[SUPPLIED DATA]
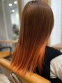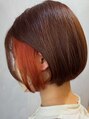 耳掛けするしないでガラッと雰囲気の変わるサイドのみインナーカラーボブ♪高発色カラー剤使用で1ブリーチでもピカピカのオレンジに◎
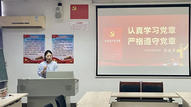 5月17日,国际商学院学生第一党支部书记庄祉祎围绕党章为发展对象进行培训。庄老师以四个意识为引,带领发展对象从党章的发展历程、十九大对党章的修改、学习贯彻党章,全面从严治党等几方面来深刻学习党章,并强调学习党章要学好总纲,总纲是党章的核心,是党的基本政治主张,是党制定各方面方针政策的根本依据。希望在追求共产主义的道路上,每一位发展对象要不断的自我革命、自我批评、自我净化,争取早日成为一名合格党员。
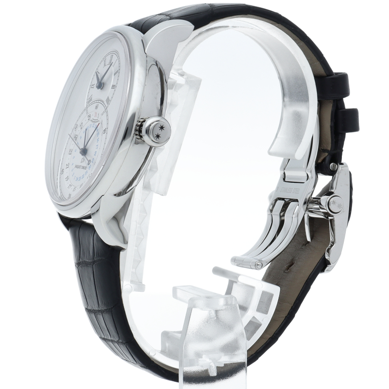 グランセコンドの持つ空間の美を損なうことなくデイト機能を付加。 長い秒針が優雅に文字盤をスウィープ。一切の無駄を省き、独自のデザインにもこだわり抜いたシックな一本です。
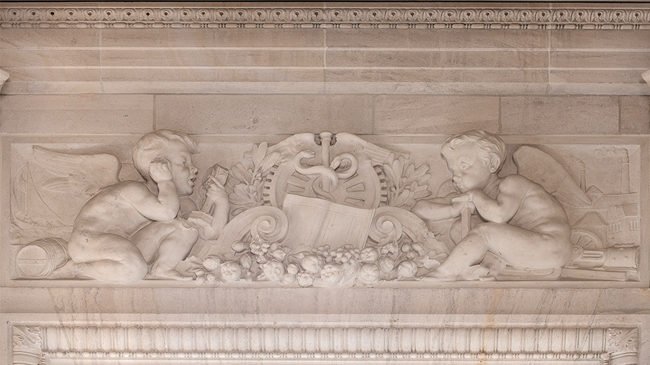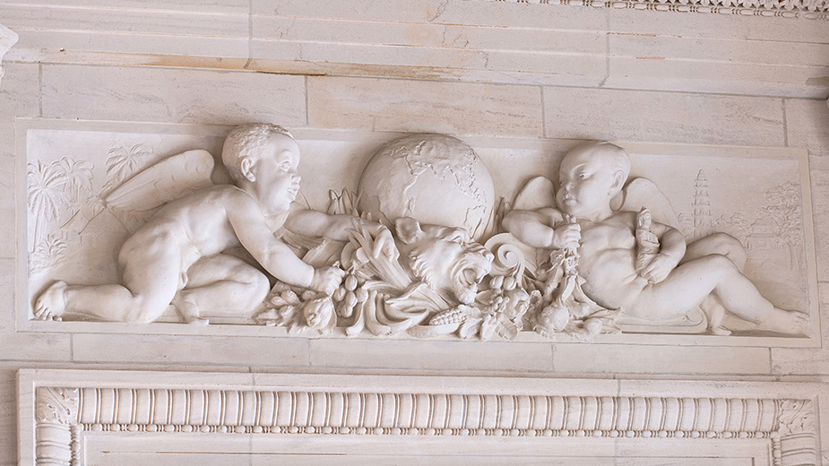 Les trumeaux illustrent des domaines d’activité de l’administration sur lesquels la Cour exerce ses contrôles : l’agriculture, la médecine, les sciences, la guerre, la marine, les arts, la justice et le commerce.
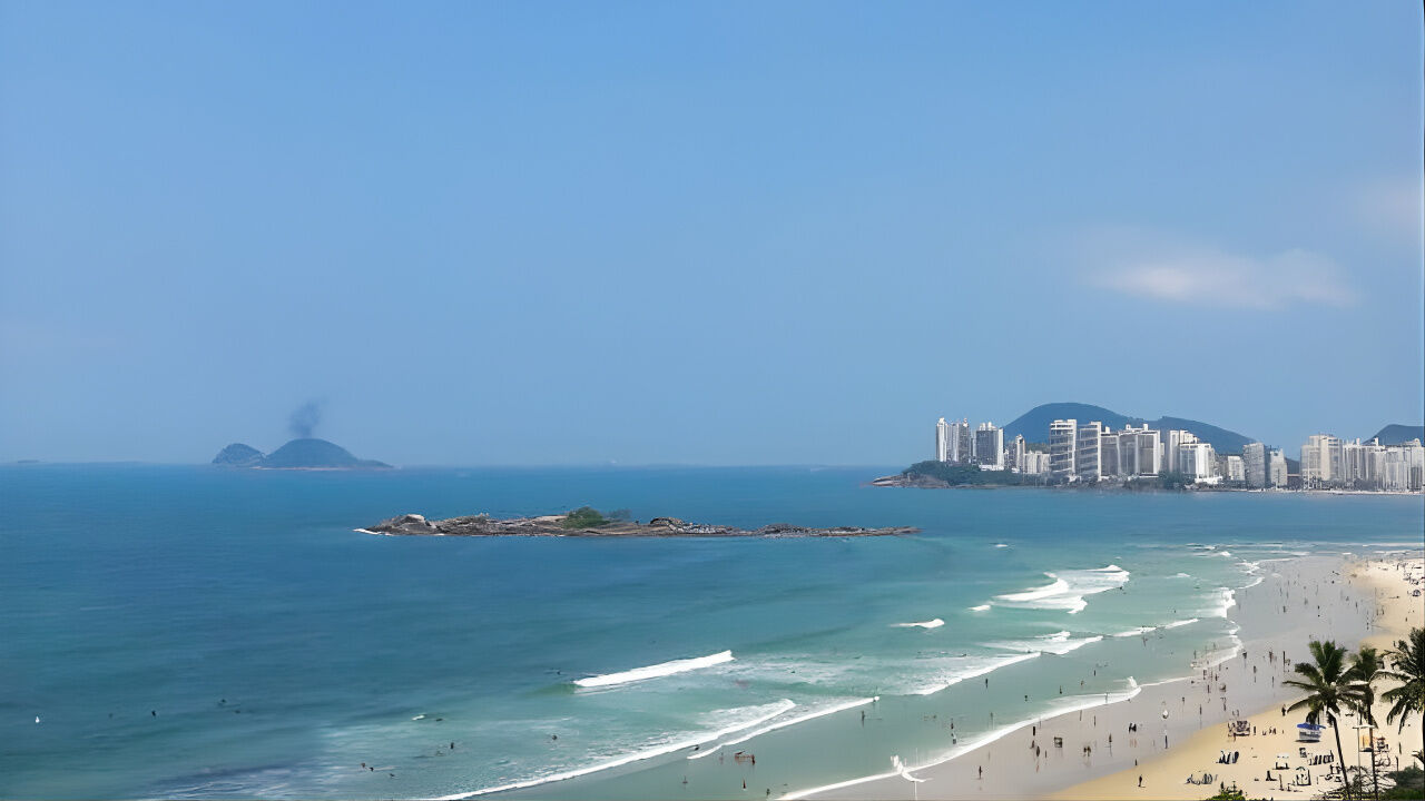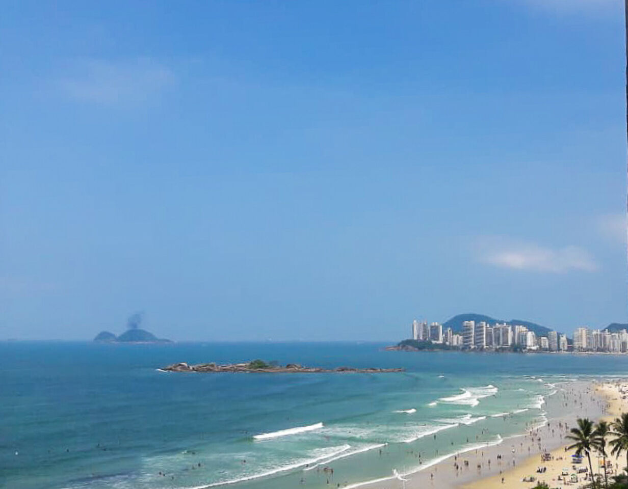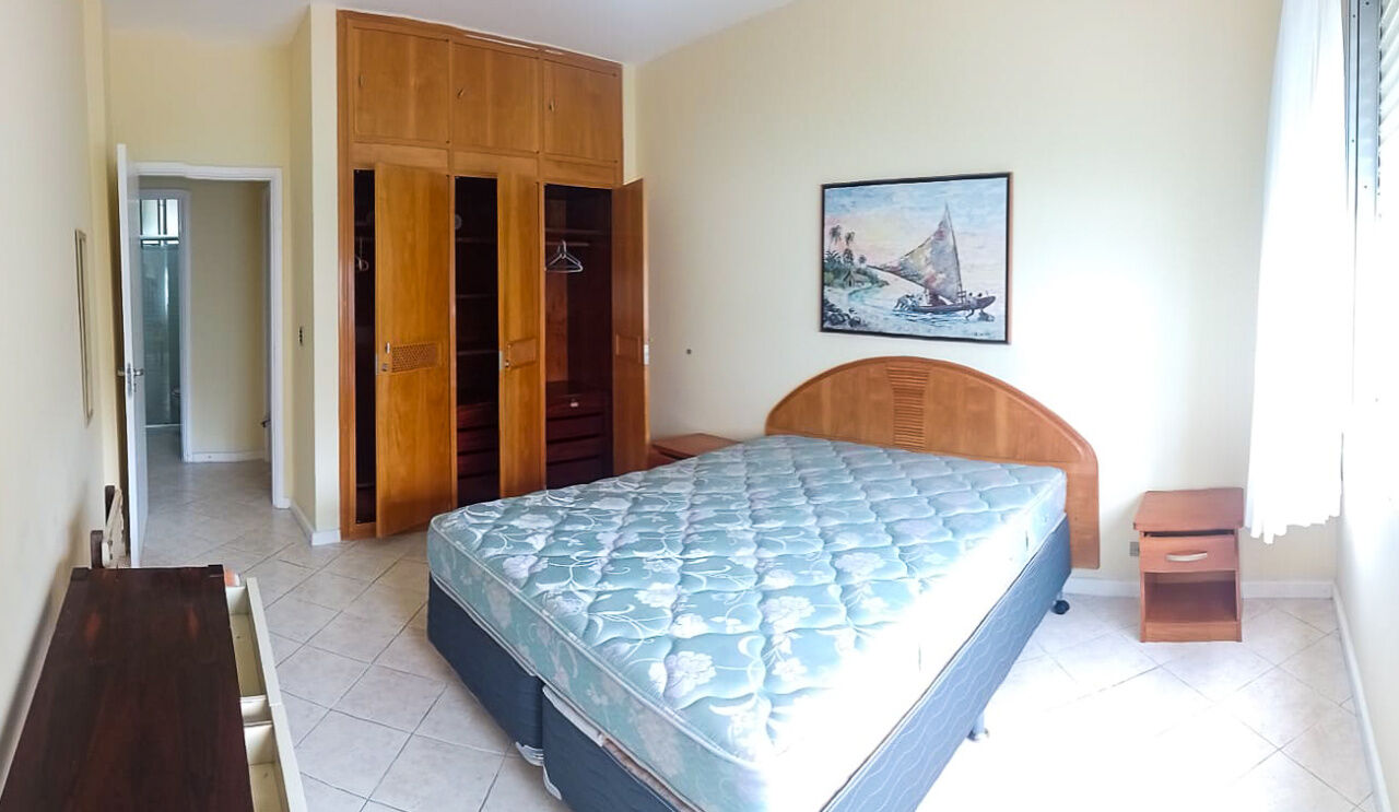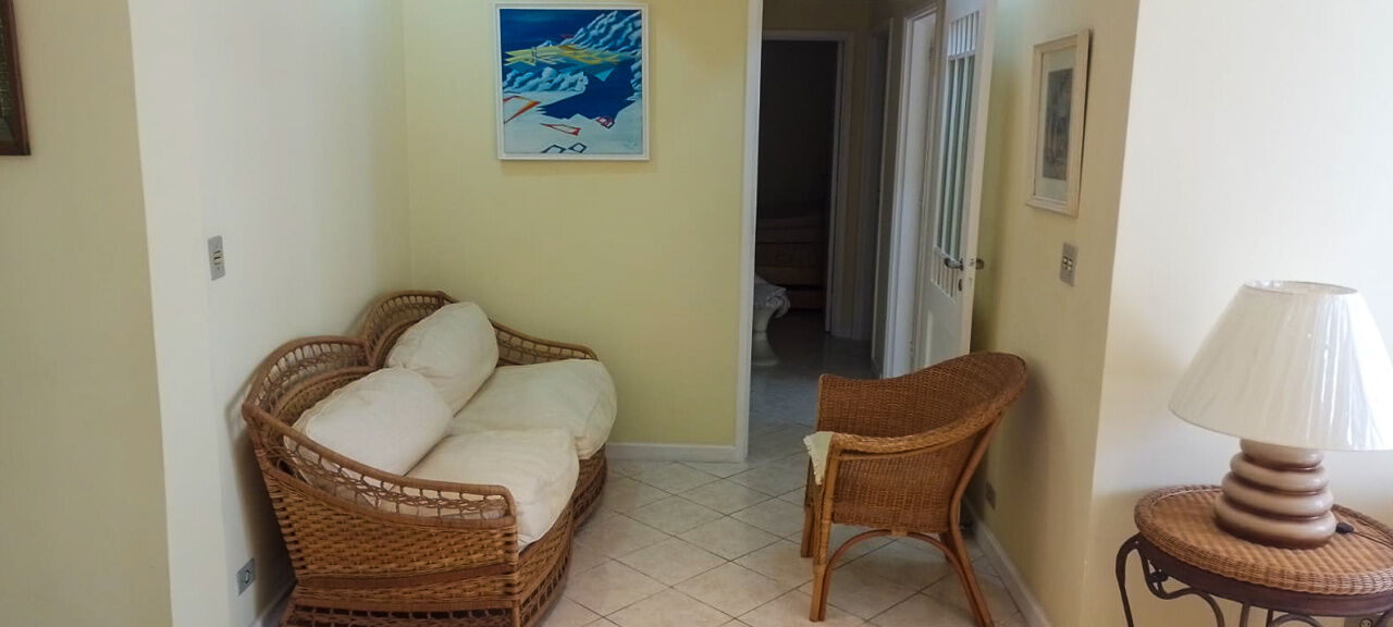Apartamento à venda na praia das Pitangueiras em Guarujá, mobiliado, com 02 dormitórios sendo 01 suíte, sala para 02 ambientes com varanda, vista para o mar, cozinha, área de serviços e dependência de empregada.
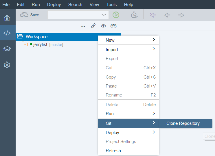 进入workspace,选择Git->Clone Repository:
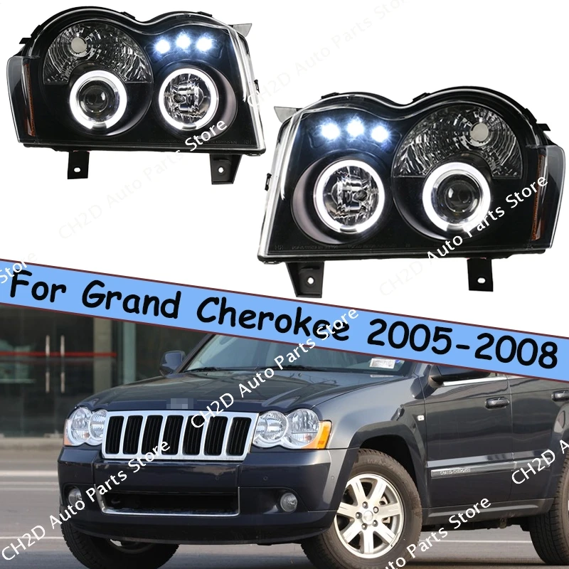 For Grand Cherokee 2005-2008 LED Headlight Cherokee Turn Signal High Beam Angel Eye Projector Lens Headlights Jeep Auto Parts
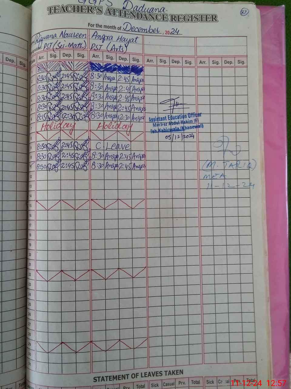 | Name: Ri**** No**** Designation: (School Headmaster's/Headmistress's) PST Phone/Cell Number: 03**** |
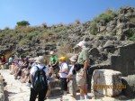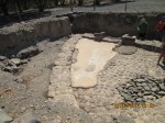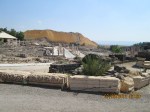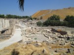 We headed immediately to Beit Shean. This ancient Roman City has the remains, very large remains, of a Roman Theater, and many other ancient city ruins unearthed with so much intact that you can actually visualize a life there. We saw ancient mosaics unearthed at different levels even demonstrating changing tastes in decoration and development of society here. Beit Shean has had a major role in guarding trade routes in this area. The City of Beit Shean is also a “Sister City” to Cleveland, Ohio and so we drove past “Cleveland House” which, with Cleveland Federation’s projects and support from members of Cleveland Temples (as well as other volunteer and donation support I am sure) programs are offered to those in need including education and health and well-being programs. There was little to no shade at Beit Shean, and we did a bit of climbing around the archeological finds. It was unbelievable to see what they have unearthed. Our guide, Amos, climbed down to the intact stage and spoke and his regular voice—we were able to hear clearly. The acoustics were incredible.
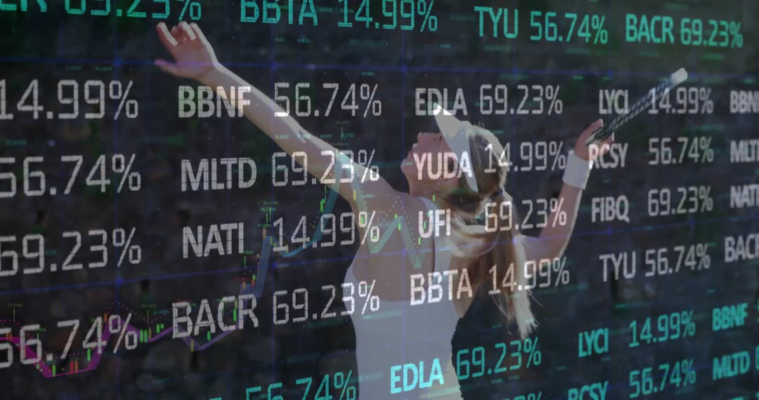 - Dynamic Female Tennis Player with Superimposed Stock Market Charts

[ACTION ITEM]
Beginning with the line that contains "For Grand Cherokee" and ending with the line that contains "Number: 03**** |", reproduce the listing exactly, pictures excluded.

[SOLVED EXERCISE]
 For Grand Cherokee 2005-2008 LED Headlight Cherokee Turn Signal High Beam Angel Eye Projector Lens Headlights Jeep Auto Parts
 | Name: Ri**** No**** Designation: (School Headmaster's/Headmistress's) PST Phone/Cell Number: 03**** |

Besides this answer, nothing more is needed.